To our knowledge, this is the first EWAS study investigating oropharyngeal cancer survival using a Cox proportional-hazards model to investigate DNA methylation in relation to incident survival at ~ 3 years. A key strength of the study relates to the use of the EPIC array which profiles methylation at approximately twice as many CpG sites as its 450k predecessor. Across the EWAS of smoking, alcohol, HPV and both survival models, 39.4% of the CpG sites at P < 2.4 × 10−7 were specific to the EPIC array. However, proportionally, our results suggest that associations are not enriched with the inclusion of novel enhancer region CpGs from this array. A one-sided Fisher’s exact test for enrichment of EPIC probes vs 450K probes in CpG sites below P 2.4 × 10−7 confirms this; P > 0.99.

The gold standard to identify HPV-driven tumours is through detection of HPV DNA and RNA. A potential limitation of this study is that our EWAS of HPV16 positivity is based on measures of serological response to HPV infection rather than p16 and/or in-situ hybridisation (ISH), which are typically used in clinical practice in the UK [2]. P16 alone will tend to overestimate the number of HPV-driven tumours, as some tumours that are not HPV-driven can still be p16-positive [49]. However, HPV-driven OPC mount an early and marked serological response that has good agreement with tissue markers, indicating an HPV-driven tumour [50]. In HN5000, current information on p16 status relies solely on clinical information rather than being a baseline measurement across all study centres. Although HN5000 are in the process of carrying out p16 on many participants with OPC, this is not currently available, and so there are considerable missing data for this measure. Additionally, very few centres performed confirmatory tests to the serology which was conducted at baseline, such as ISH. There is good agreement between serology and tissue measures of HPV-driven tumours; studies have found little difference in the number of individuals confirmed as having HPV-driven OPC between serology and p16 [50], with p16 alone more prone to overestimate the number of HPV-driven cases. Given a current lack of p16/ISH data in HN5000, we remain confident in our method of viral diagnosis of OPC.
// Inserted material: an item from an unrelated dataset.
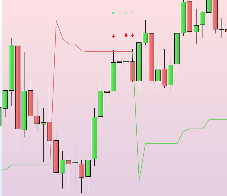 Ciò che l’indicatore dovrebbe segnalare, è quello che ho disegnato a mano. Ovvero una freccia rossa orientata a sud, segnale di vendita, ed un numero che indica di quanti punti il Dax ha superato il supertrend. Si vede, ad esempio, che nel caso della candela A il superamento è stato di 1 punto e, nel caso della candela B, di 3 punti (arrotondati all’intero, naturalmente).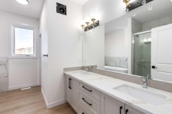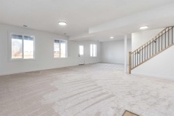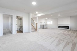 This is a rare family sized bungalow with four big bedrooms and a triple attached garage. It is a fully finished 1507 sq ft walkout home in a great area overlooking a beautiful waterway and park, and it has premium finishes throughout. The main floor is a modern open plan with a large entry hall, 9’ ceilings, high quality flooring, and a covered 24’ x 10’ deck. The kitchen includes cabinets to the ceiling, quartz counters, under-mount sink, countertop lighting, select tiles, a large walk-in pantry and all appliances are included. Also on the main floor is the spacious and open living / dining room, the primary bedroom, a laundry room, and a second bedroom or office. Deluxe appointments in the master suite include built in cabinetry in the walk-in closet, an big vanity with double sinks, and a soaker tub plus a 6' shower. The lower level has two more spacious bedrooms and a very big family room with a built-in wet bar. All rooms in this home have lots of natural light, and there are many extras including a 24’ x 10’ patio, two fireplaces, full concrete steps and a Hardieboard exterior. Click the multimedia link for a virtual interactive 3D tour, plus floor plans and professional pictures.

Most HPV-driven OPC are caused by the HPV16 serotype, to the extent that presence of antibodies specific to HPV16 E6 > 1000 MFI are widely accepted as a reliable measure of “HPV-driven” OPC [51]. However, an estimated 3% of HPV-driven OPC are caused by other HPV sub-types. We were careful to define the HPV EWAS as an EWAS of ‘HPV16 E6 seropositivity’ to reflect the HPV detection method and sub-type specificity. An epigenome-wide investigation in relation to a broader phenotype of HPV seropositivity, including other HPV sub-types, may have identified other CpG sites which were not identified in relation to E6, although this is unlikely given the particularly low proportion of HPV-driven OPC not caused by HPV16.

Collider bias may influence associations between our prognostic factors and survival in a case-only setting [52, 53]. HPV, smoking and alcohol are all associated with OPC incidence. By only examining OPC cases, incidence is conditioned on, potentially inducing an association between HPV, smoking, alcohol and any unmeasured confounding (including, but not limited to, any possible factor independently associated with OPC incidence). By inducing artificial associations between risk factors and confounding in this way, conducting an EWAS stratified by cases may generate spurious associations between methylation changes which do not affect survival, and survival.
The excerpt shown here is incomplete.